Activity
None of the pictures should be copied, though every line of the listing must be printed exactly.

Input data
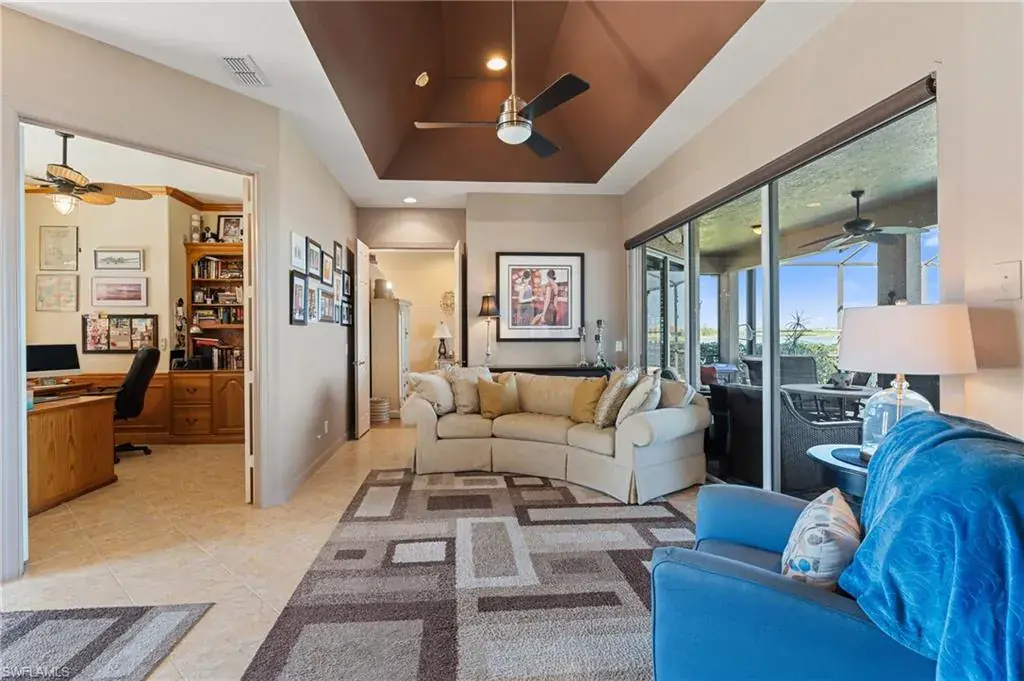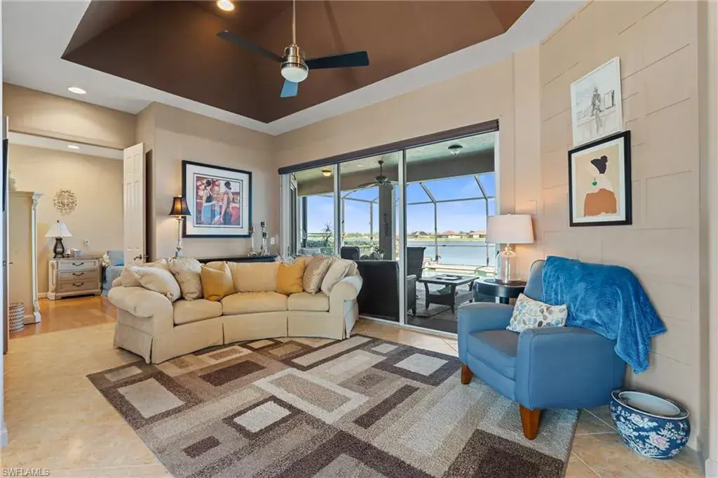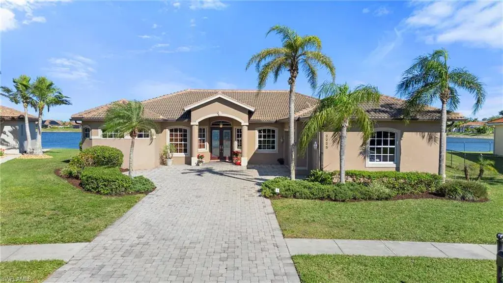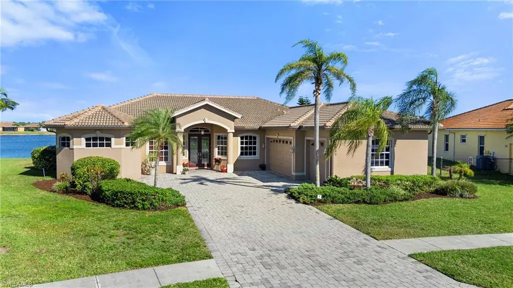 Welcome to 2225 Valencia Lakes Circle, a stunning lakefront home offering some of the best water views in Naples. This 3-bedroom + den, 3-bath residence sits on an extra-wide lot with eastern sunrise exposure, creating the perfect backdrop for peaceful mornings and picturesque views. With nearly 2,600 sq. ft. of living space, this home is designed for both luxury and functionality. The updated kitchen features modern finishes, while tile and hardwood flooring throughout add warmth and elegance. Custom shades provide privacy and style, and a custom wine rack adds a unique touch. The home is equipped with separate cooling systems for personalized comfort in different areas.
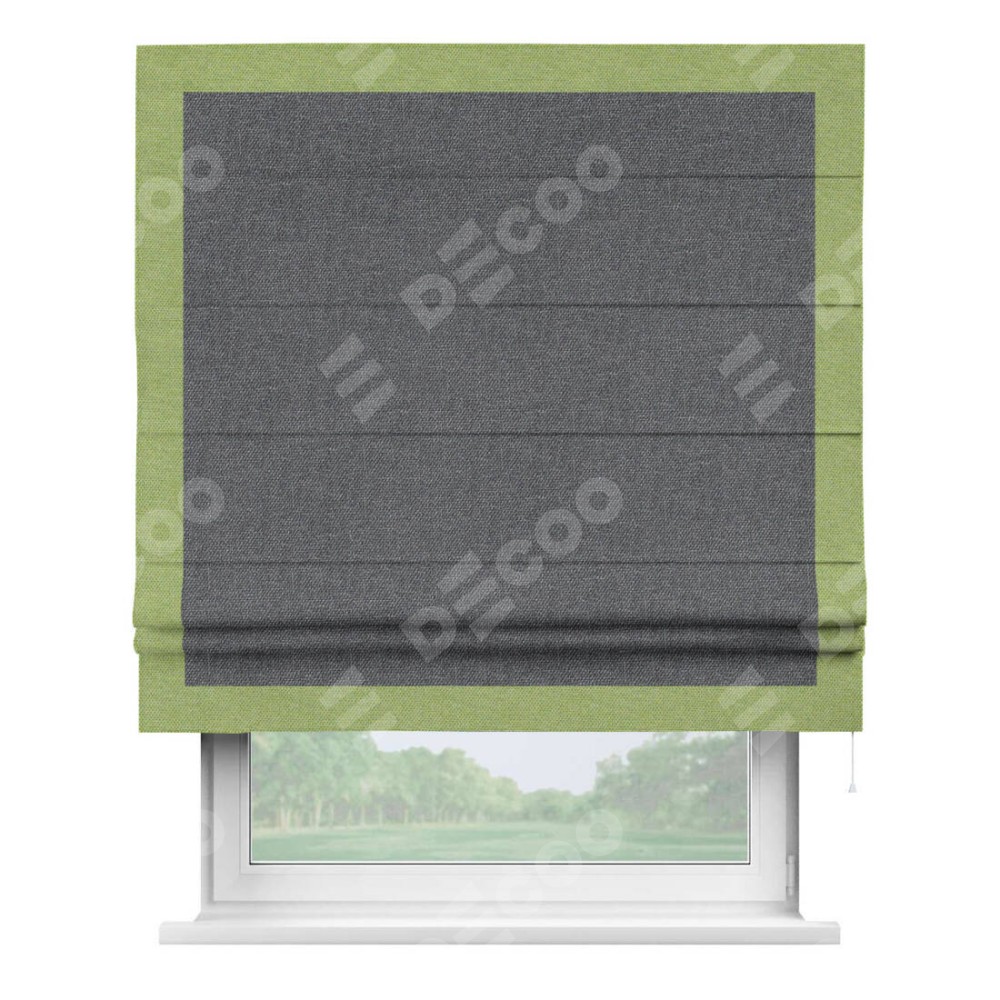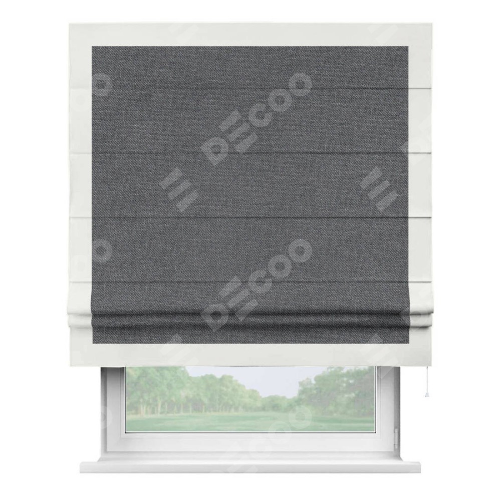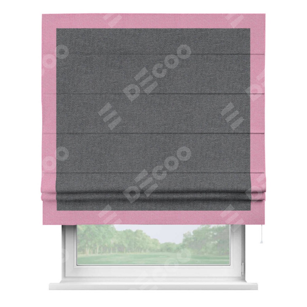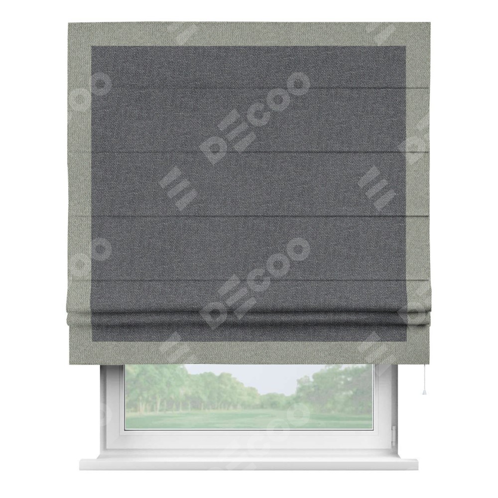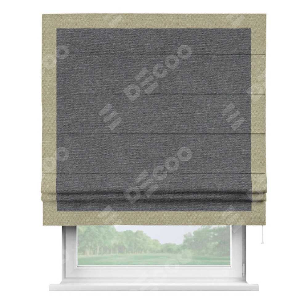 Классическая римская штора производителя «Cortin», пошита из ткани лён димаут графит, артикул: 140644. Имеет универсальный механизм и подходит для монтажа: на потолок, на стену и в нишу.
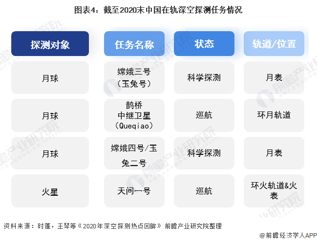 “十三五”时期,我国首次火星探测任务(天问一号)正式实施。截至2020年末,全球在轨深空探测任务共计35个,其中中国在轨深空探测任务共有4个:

Response to the exercise
 Welcome to 2225 Valencia Lakes Circle, a stunning lakefront home offering some of the best water views in Naples. This 3-bedroom + den, 3-bath residence sits on an extra-wide lot with eastern sunrise exposure, creating the perfect backdrop for peaceful mornings and picturesque views. With nearly 2,600 sq. ft. of living space, this home is designed for both luxury and functionality. The updated kitchen features modern finishes, while tile and hardwood flooring throughout add warmth and elegance. Custom shades provide privacy and style, and a custom wine rack adds a unique touch. The home is equipped with separate cooling systems for personalized comfort in different areas.
 Классическая римская штора производителя «Cortin», пошита из ткани лён димаут графит, артикул: 140644. Имеет универсальный механизм и подходит для монтажа: на потолок, на стену и в нишу.
 “十三五”时期,我国首次火星探测任务(天问一号)正式实施。截至2020年末,全球在轨深空探测任务共计35个,其中中国在轨深空探测任务共有4个:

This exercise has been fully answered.